Construction of a Pete’s on the vacant, city-owned parcel at the southeast corner of Madison and Western would mark a sea-change for the Near West Side, an area that’s been without a full-service grocery store for years, thus earning parts of the neighborhood the label of “food desert.”

Department of Community Development Commissioner Mary Bonome told residents at meeting last week that Pete’s offered the best package out of 12 criteria — from financing options and proposed construction timeline to local hiring plans — established by the city.

The Chicago-based firm plans to build a 50,000-square-foot store, with a typical spread of produce, meats and fish, deli and bakery. Additional possibilities will be available in another 10,000 square feet of retail space. Pete’s hopes to break ground next summer and open in June 2011. An estimated 150 full-time jobs will be available at the store.

Cost of the project is expected to total $18 million. The firm has already put down a good-faith deposit of $650,000 and the company will finance the project itself, instead of partnering with West Haven Phoenix LLC, which the Community Development Commission designated in June 2004 as the developer of the land.

Earnest Gates, one of the co-managers of the West Haven Phoenix and executive director of the Near West Side Community Development Corporation, sent The Chicago Journal a statement that read:

"Residents of West Haven have a lot to celebrate. We're about to leave the food desert. Near West kept this issue alive and was responsible for getting grocers to the table. This was the result of years of hard work and advocacy on behalf of the community. We can all be proud of this major accomplishment. Power concedes nothing without a demand. We demanded and we got it."

Beside Pete’s, Food4Less and Jewel-Osco expressed interest in building stores at Madison and Western.

Selection of the store has generated an intense level of neighborhood interest over the years, from the days when Aldi’s was floated for the site to lobbying efforts carried out earlier this year.

The Neighbors’ Development Network, a group made up largely of Near West Side homeowners, collected around 1,100 signatures earlier this year backing a Pete’s, for example.

Ald. Robert Fioretti (2nd) referenced another petition drive, this one gathering 2,000 signatures calling for a Food4Less. No individual or organization has taken public credit for the latter drive, and Fioretti has been unable to identify its organizers.

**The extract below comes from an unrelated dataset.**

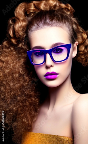 © Mike Uteshev, Fototapeta premium Portrait of a girl with creative makeup and hairstyle. Illustration. Generated by Artificial Intelligence.

The alderman acknowledged lobbying about the store was not confined to constituents. His colleagues on the city council and representatives from the United Food and Commercial Worker’s union weighed in too.

“There were a lot of people from all different sources and all different aldermen,” Fioretti said. “There were people for all of them, whether it was Jewel-Osco, Food4Less or Pete’s.”

Selection of Pete’s was greeted by applause at a meeting last week. Many attendees registered their approval of the decision.

“It takes a step up in terms of the quality of services coming to the community,” said Mike Cunningham, active in the Homeowners of Westtown group. “It gives us an opportunity to continue to grow.”

But opinions are not unanimously in favor of Pete’s. Carolyn Cole preferred Food4Less, because of its low prices and bulk purchasing options.

“You have to accept what you’re going to get,” she said.

Martha Maratre also cited prices at Food4Less to explain her support of the chain. A resident of the Oakley and Jackson area, Maratre does much of her shopping at the Walgreens on the northeast corner of Madison and Western. To her, Pete’s is a solid second choice, however.

“I think it’s good. We need could use the fruit and vegetables. And the prices are good at Pete’s,” she said.

For residents like Reichardt, the longtime East Garfield dweller, however, the news signals a broader shift.

“To me, it will feel like, to be honest with you, that what was taken from us is now coming back,” she said.